▶ [What you are asked to do] No pictures belong in the copy. Retype exactly, and only, the stretch of lines below from the one with "Entrega de la Llave de Oro de Madrid E.P." through the one with "Ho espera tot!".

Saved entries:
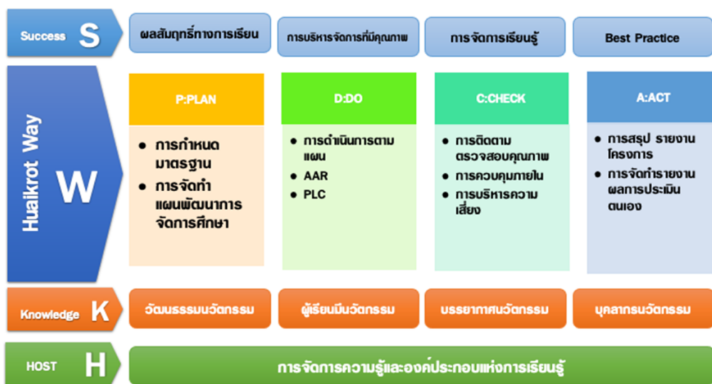
รูปที่ 1 กรอบแนวคิดในการพัฒนานวัตกรรม รูปแบบ HKWS Model

ผลจากการจัดการจัดการเรียนรู้เชิงรุก พัฒนาศตวรรษที่ ๒๑ ด้วย STEAM Design Process เพื่อส่งเสริมสมรรถนะผู้เรียนด้วยโมเดลเศรษฐกิจ BCG ทำให้โรงเรียนมีนวัตกรรมในการยกผลสัมฤทธิ์ทางการเรียน พัฒนาระบบการบริหารจัดการที่มีคุณภาพ การใช้กระบวนการ AAR และ PLC ในการส่งเสริมกระบวนการ STEAM Design Process และทักษะสำคัญในศตวรรษที่ ๒๑ บูรณาการการจัดการเรียนรู้และการวัดและประเมินผล เป็นการลดเวลา ลดภาระของทั้งครูและผู้เรียน จนสามารถสร้างสรรค์ชิ้นงานของตนเอง และนำไปต่อยอดในชีวิตได้ สอดคล้องกับเป้าหมายของหลักสูตร ได้แก่ มาตรฐานตัวชี้วัด คุณลักษณะอันพึงประสงค์ ๘ ประการ และสมรรถนะสำคัญของผู้เรียน ส่งผลให้โรงเรียน ผู้บริหาร ครูและนักเรียนได้รับรางวัลที่ภาคภูมิใจ จากการดำเนินงานทั้งในระดับจังหวัด ระดับเขตพื้นที่การศึกษา และระดับชาติ
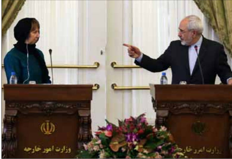
انتقدت طهران انتقائية أشتون في التعاطي مع حقوق الانسان

خطاب بالغ الدلالة للشيخ حسن روحاني. تشديد على أن الغرب عاجز عن فرض أي شيء في المنطقة دون إرادة طهران، وآخر على أن لا انقسام ولا خلافات في إيران عندما يتعلق الأمر بقيم الثورة والمصالح الوطنية، وثالث على أن وفد التفاوض يعمل تحت إشراف هيئتين عليين
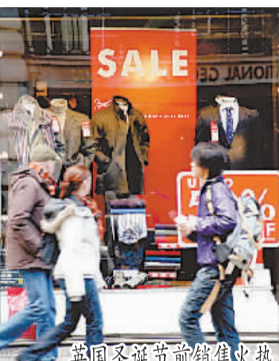
英国圣诞节前销售火热

目前,越来越多的公众和非政府组织开始关注墨西哥新闻工作者的工作和生活环境。其中最著名的马努埃尔·布恩迪亚基金会以1984年被暗杀的墨西哥记者马努埃尔·布恩迪亚的名字命名,定期向公众发布相关报告,呼吁整个社会关注墨西哥新闻从业者的处境,希望能为改善记者们险象环生的工作环境发挥一些作用。
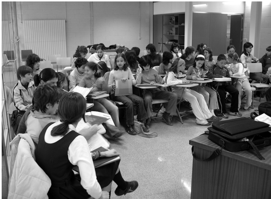
Coro juvenil ensayando en el CP Reina Sofía.

Periódicamente (normalmente al finalizar cada trimestre), se organiza un concierto en el que se muestra el trabajo realizado en él (además de estos 3 coros se unen el resto de agrupaciones vinculadas al proyecto). Todos los niños que participan en el concierto suelen cantar una obra común previamente decidida y ensayada en los respectivos coros.
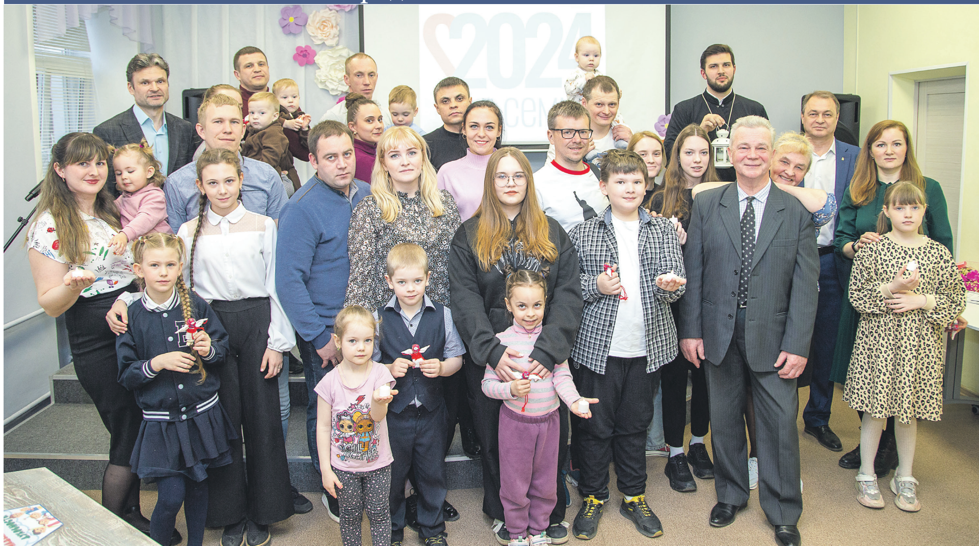
На торжественном мероприятии в модельной библиотеке.
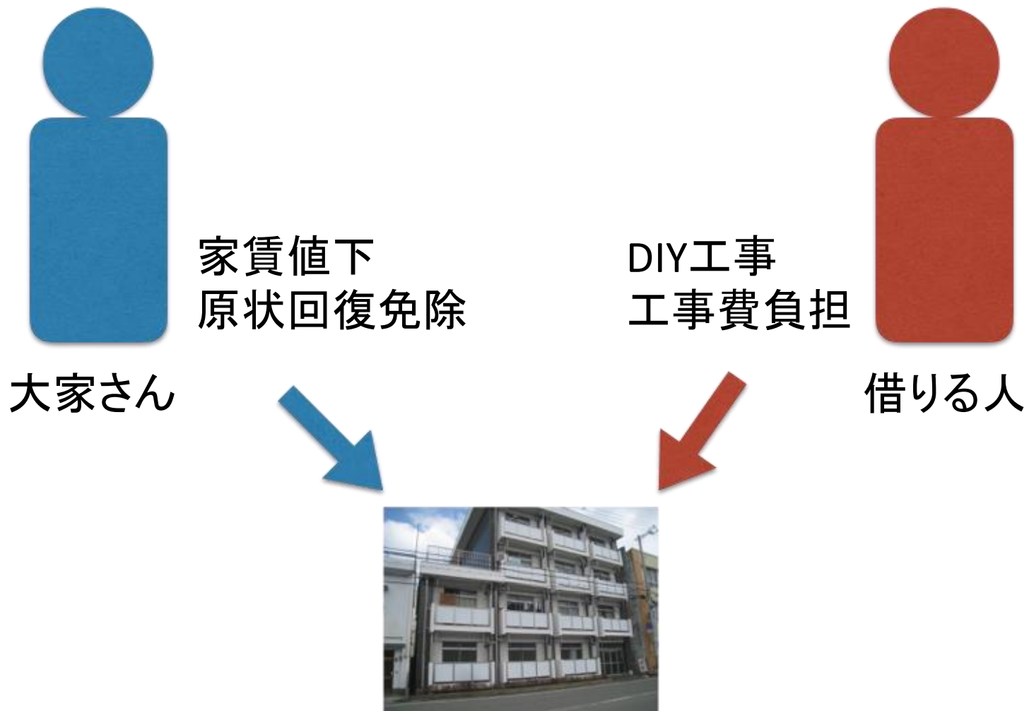
図：DIY賃貸借の仕組み
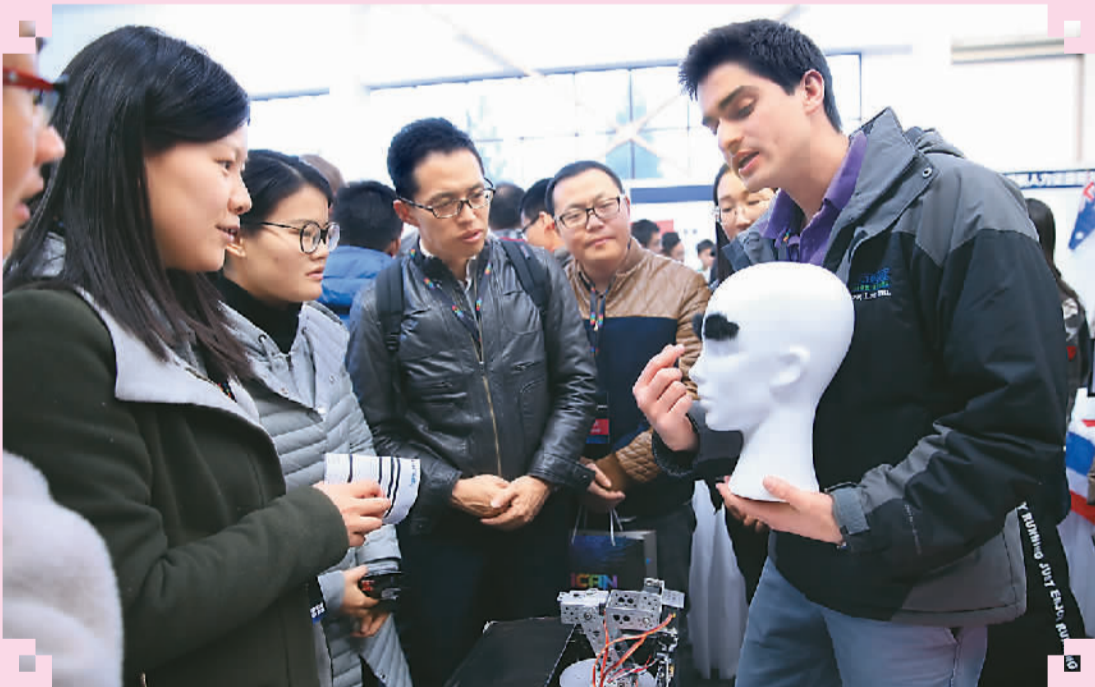
2017年11月25日，来自德国高校的参赛选手在2017年第十一届iCAN国际创新创业大赛暨全球创新创业大会上介绍修眉仪。
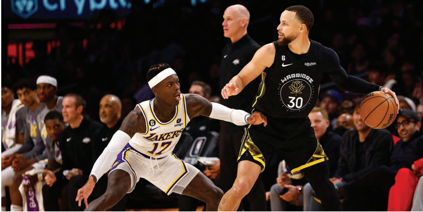
من مباراة لوس أنجلوس ليكرز وغولدن ستايت ووريزز

حقّق نيويورك نيكس انتصاره التاسع على التوالي بتغلبه على بوسطن سلتيكس 129-131، بعد التمديد، في دوري كرة السلة الأميركي للمحترفين.
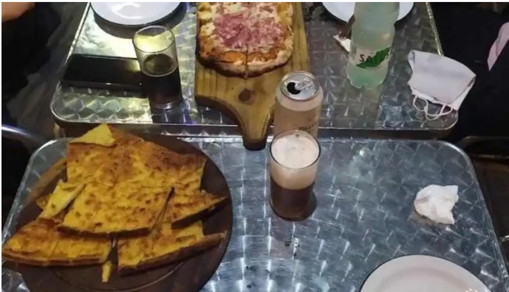
La isla comida reconfortante
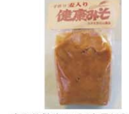
秘伝豆クラッシュタイプ(右)(商品NO.206)
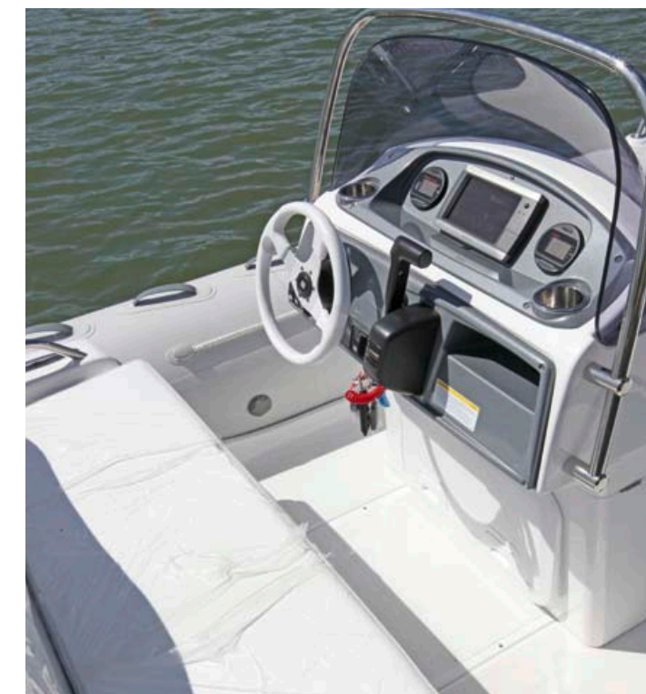
Centralno postavljena krmarska konzola je udobna, pregledna in ima dovolj visoko vetrobransko steklo.

Kanadski proizvajalec Grand je del proizvodnje preselil v Ukrajino. Rezultat so kvalitetni in cenovno dostopni čolni.
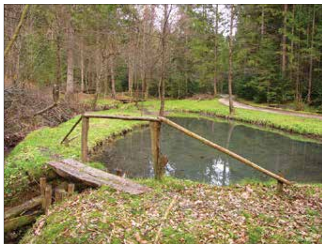
Žabjeki v Blatah so preplet mokrišča naravnega in umetnega izvora.

kovo jezero nad Lučami in Biba na Menini. Čreta pri Kokarjah je dobila ime po čreti, močvirnem svetu, ki je značilen za ta predel. V Blatah
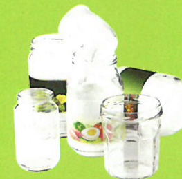
Pots & bocaux en verre
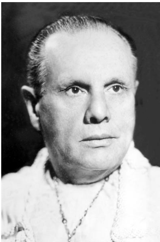
Fig. 3 - Álvaro Cumplido Santana (Presidente da SBU e 1º Presidente da CAU)
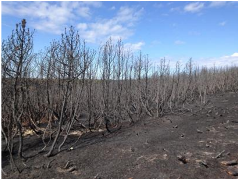
Po 2014 metų gaisro nudegusios kalnapušės, gegužė
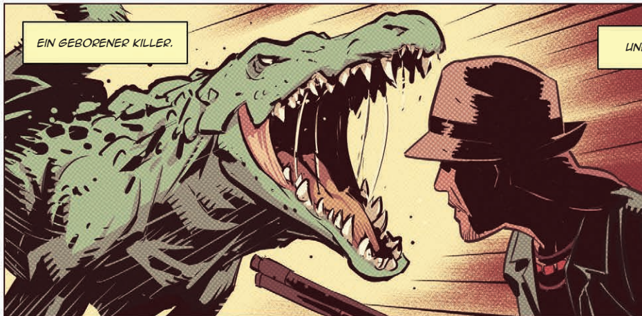
EIN GEBORENER KILLER.
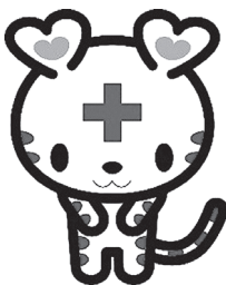
日本赤十字社公式 マスコット・キャラクター 「ハートラちゃん」
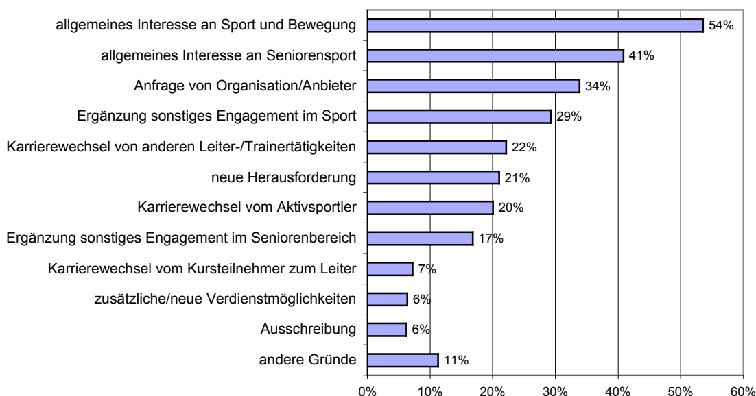
Abbildung 1: Hintergrund und Motivation des Engagements im Seniorensport (Anteile an allen Befragten in Prozent, Mehrfachnennungen möglich, n=993)

Leiter/innenkurs meldet oder vom Kursteilnehmer zur Leiterposition „aufsteigt“. Auch andere Tätigkeiten im Seniorensport oder finanzielle Überlegungen („Verdienstmöglichkeiten“) sind als Anstoss für eine Leitertätigkeit vergleichsweise unwichtig.
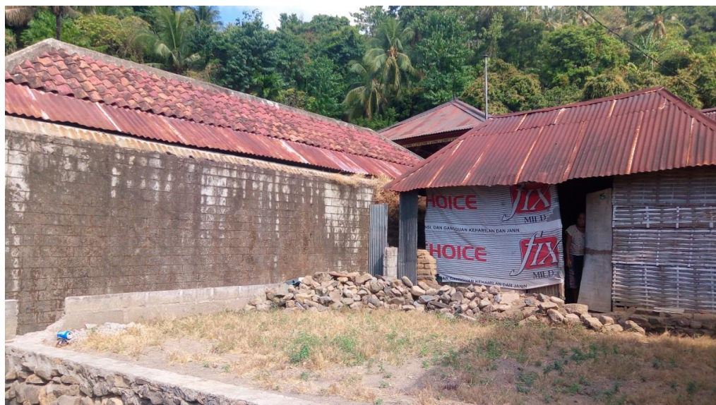
Gambar 6. Letak Lokasi WC Umum Dari Jauh
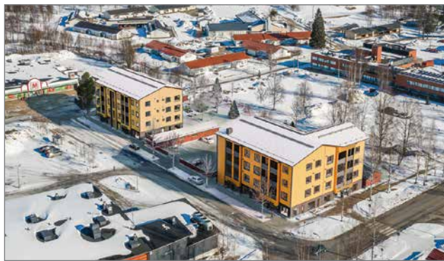
Kerrostalojen ulkoseinät tehdään pudasjärveläisen Kontiotuotteen painumattomasta hirrestä.

Pudasjärven keskustaan nousevat kerrostalot rakennetaan hybridirakenteella, jossa talon runko tehdään betonielementeistä ja ulko-
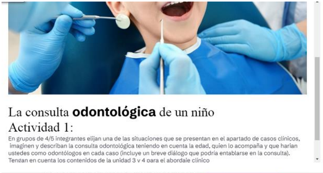
Fig. 2 Ejemplo de diseño de la actividad en Genial.ly®

Para desarrollar las actividades, los estudiantes se organizaron en pequeños grupos, seleccionaron un caso clínico y narrar una situación odontológica. Aquí entraban en juego sus conocimientos o experiencia previa (Fig 3).
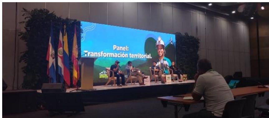
Ilustración 12, panel transformación territorial, cumbre internacional eco minera II.

3. Los impactos percibidos sobre los impactos objetivos, en las comunidades que se hace la minería se presentan unos impactos percibidos que van más allá de los objetivos (tráfico pesado, alteración a fuentes hídricas, entre otras) las cuales pueden ser solucionadas por el diálogo.
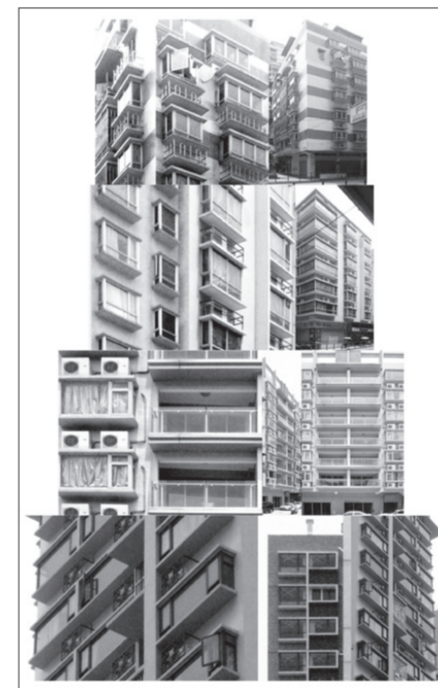
O novo milénio

Todavia restabeleceu-se uma prática consistente na renovação da cidade, nomeadamente nos bairros antigos, se bem que menos dedicada ao exercício exploratório do discurso arquitectónico ou à invenção.
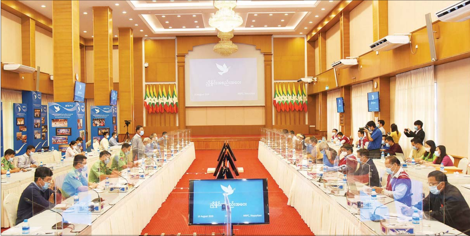
အမျိုးသားပြန်လည်သင့်မြတ်ရေးနှင့် ငြိမ်းချမ်းရေးဗဟိုဌာန ဒုတိယဥက္ကဋ္ဌ ပြည်ထောင်စုရှေ့နေချုပ် ဦးထွန်းထွန်းဦး JICM အကြံပြုညှိနှိုင်း အစည်းအဝေးတွင် အမှာစကားပြောကြားစဉ်။ သတင်းစဉ်

နေပြည်တော် ဩဂုတ် ၁၀ တစ်နိုင်ငံလုံး ပစ်ခတ်တိုက်ခိုက်မှု ရပ်စဲရေး သဘောတူစာချုပ် အကောင် အထည်ဖော်မှုဆိုင်ရာ ညှိနှိုင်းအစည်း အဝေး (JICM) အကြံပြုညှိနှိုင်းအစည်း အဝေးကို ယနေ့နံနက် ၁၀ နာရီတွင် နေပြည်တော်ရှိ အမျိုးသားပြန်လည် သင့်မြတ်ရေးနှင့် ငြိမ်းချမ်းရေးဗဟို ဌာန (NRPC) ၌ ကျင်းပသည်။ အစည်းအဝေးသို့ အစိုးရကိုယ်စား လှယ်များအဖြစ် အမျိုးသားပြန်လည် သင့်မြတ်ရေးနှင့် ငြိမ်းချမ်းရေး ဗဟိုဌာန ဒုတိယဥက္ကဋ္ဌ ပြည်ထောင်စု ရှေ့နေချုပ် ဦးထွန်းထွန်းဦး၊ ကာကွယ် ရေးဦးစီးချုပ်ရုံး(ကြည်း)မှ ဒုတိယ ဗိုလ်ချုပ်ကြီး ရာပြည့်၊ ဒုတိယ ဗိုလ်ချုပ်ကြီး မင်းနောင်နှင့် ဒုတိယ ဗိုလ်ချုပ်ကြီး တင်မောင်ဝင်း၊ ငြိမ်းချမ်း ရေးကော်မရှင်အတွင်းရေးမှူး ဒုတိယ ဗိုလ်ချုပ်ကြီး ခင်ဇော်ဦး(ငြိမ်း)၊ ပြည်သူ့လွှတ်တော် ကိုယ်စားလှယ် ဦးပြီးချို(ခ) ဦးဌေးဝင်းအောင်၊ စာမျက်နှာ ၁၀ ကော်လံ ၁ ❀
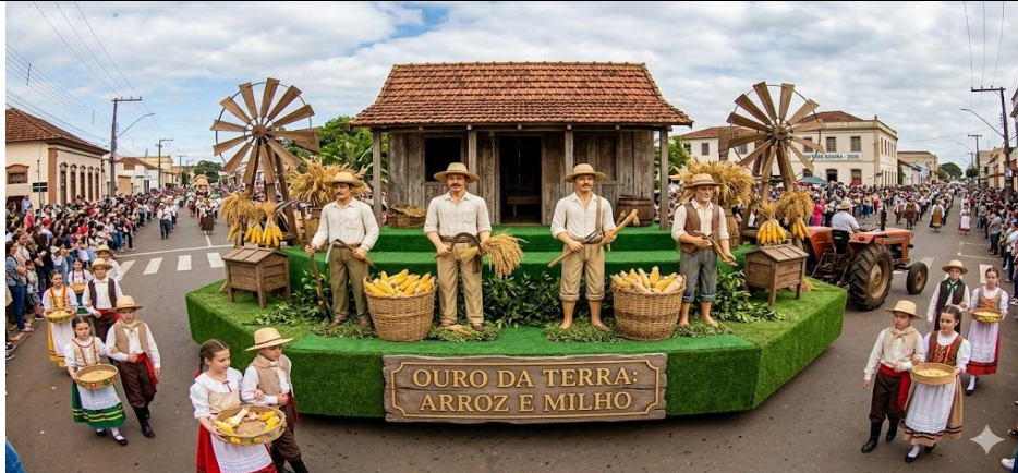
(Imagem meramente ilustrativa)

2.2. Casal de Camponeses (Destaques de Chão): 10 casais de alunos da rede municipal representando a colheita tradicional e as raízes agrícolas do município. O figurino feminino é composto por um vestido de camponesa com estampa floral ou xadrez em tons de azul, branco ou vermelho, acompanhado de avental branco frontal e lenço de cabeça coordenado. O figurino masculino consiste em macacão ou calça de brim em tons de marrom ou terra, camisa de mangas longas e chapéu de palha. Como acessório, ambos portam peneiras de palha decoradas com grãos cenográficos de arroz e milho, simbolizando a fartura da colheita histórica.
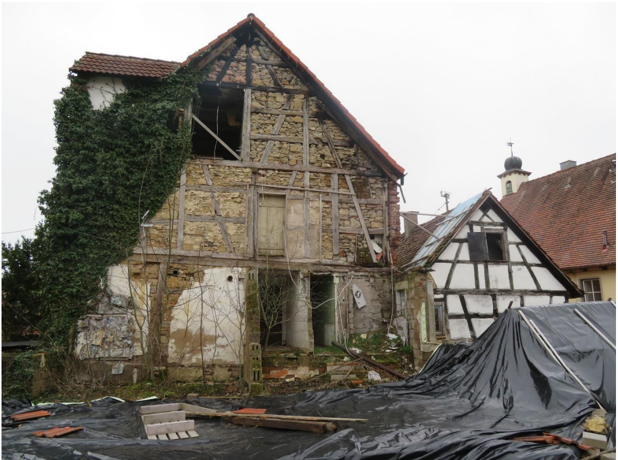
Bild von hinten (die damalige Scheune ist bis zum Wohnhaus Franke abgebrannt)
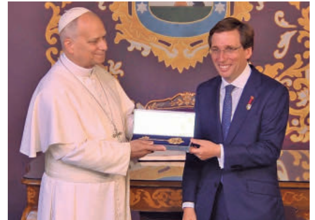
Entrega de la Llave de Oro de Madrid E.P.
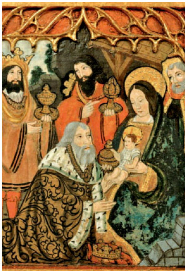
Retaule dels Goigs de la Verge de Cornellana, Vall de la Vansa (segle XVI)

«Venim a presentar al Senyor el nostre homenatge» Anem decididament a l'encontre del Senyor, per oferir-li el nostre homenatge, ple d'amor; per oferir-nos nosaltres mateixos, millor que coses, or, encens o mirra... Ell espera les nostres vides. Ho espera tot!
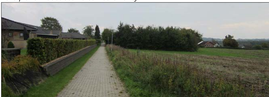
Eksisterende stisystem fra boligområdet ved Sikavej.
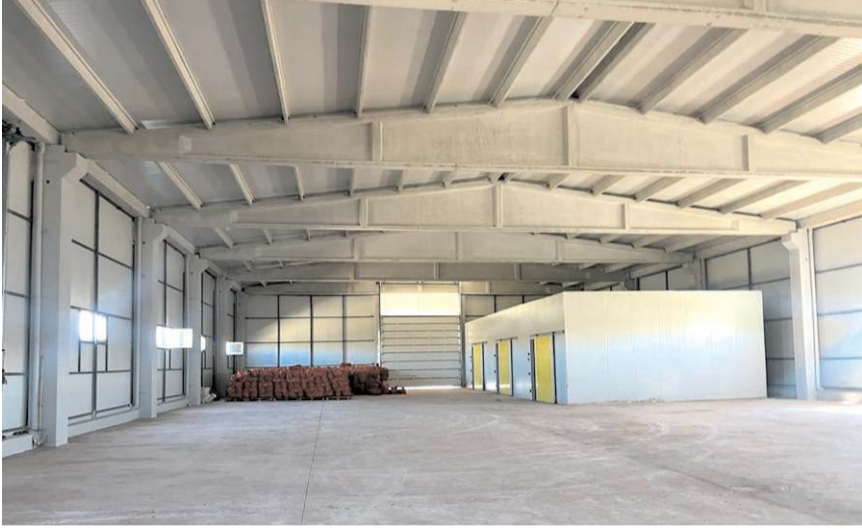
Fabrika OSB'de tahsis edilen 16 dönüm araziye kuruluyor.
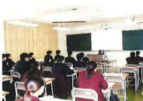
オンラインでの授業風景
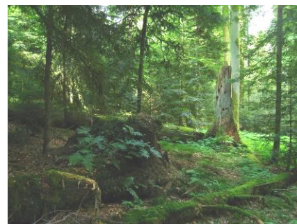
Totalreservat „Mettlenrain - Höchi“
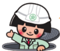
下水道きんたくん
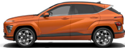
Jupiter Orange Metallic
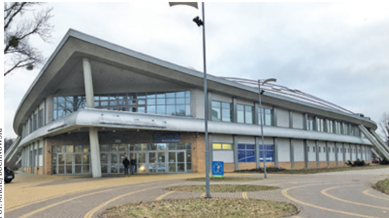
Pruszkowski welodrom znów stanie się areną zmagani

Zbliżają się wielkie kolarskie emocje na pruszkowskim torze. Międzynarodowe Zawody Torowe ORLEN GRAND PRIX Poland odbędą się w dniach 20-22 września.

▶ [Task result]
Entrega de la Llave de Oro de Madrid E.P.
Retaule dels Goigs de la Verge de Cornellana, Vall de la Vansa (segle XVI)

«Venim a presentar al Senyor el nostre homenatge» Anem decididament a l'encontre del Senyor, per oferir-li el nostre homenatge, ple d'amor; per oferir-nos nosaltres mateixos, millor que coses, or, encens o mirra... Ell espera les nostres vides. Ho espera tot!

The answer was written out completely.